Material to process:

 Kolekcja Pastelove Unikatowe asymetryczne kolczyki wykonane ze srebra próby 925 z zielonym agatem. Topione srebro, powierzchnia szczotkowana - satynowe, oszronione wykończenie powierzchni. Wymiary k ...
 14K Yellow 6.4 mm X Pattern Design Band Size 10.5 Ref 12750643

--

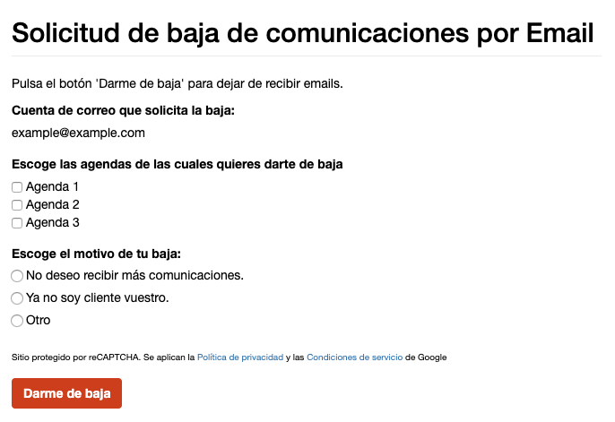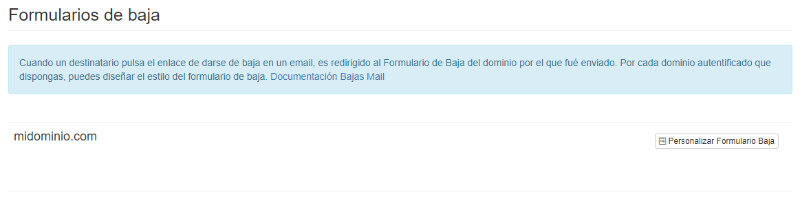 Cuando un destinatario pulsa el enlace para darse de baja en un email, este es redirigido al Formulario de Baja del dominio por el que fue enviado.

What you will do: Within the listing above, the range opens at the line with "Kolekcja Pastelove Unikatowe" and closes at the line with "14K Yellow 6.4". Reproduce exactly the lines of that range, including both ends.

Answer for the task:
 Kolekcja Pastelove Unikatowe asymetryczne kolczyki wykonane ze srebra próby 925 z zielonym agatem. Topione srebro, powierzchnia szczotkowana - satynowe, oszronione wykończenie powierzchni. Wymiary k ...
 14K Yellow 6.4 mm X Pattern Design Band Size 10.5 Ref 12750643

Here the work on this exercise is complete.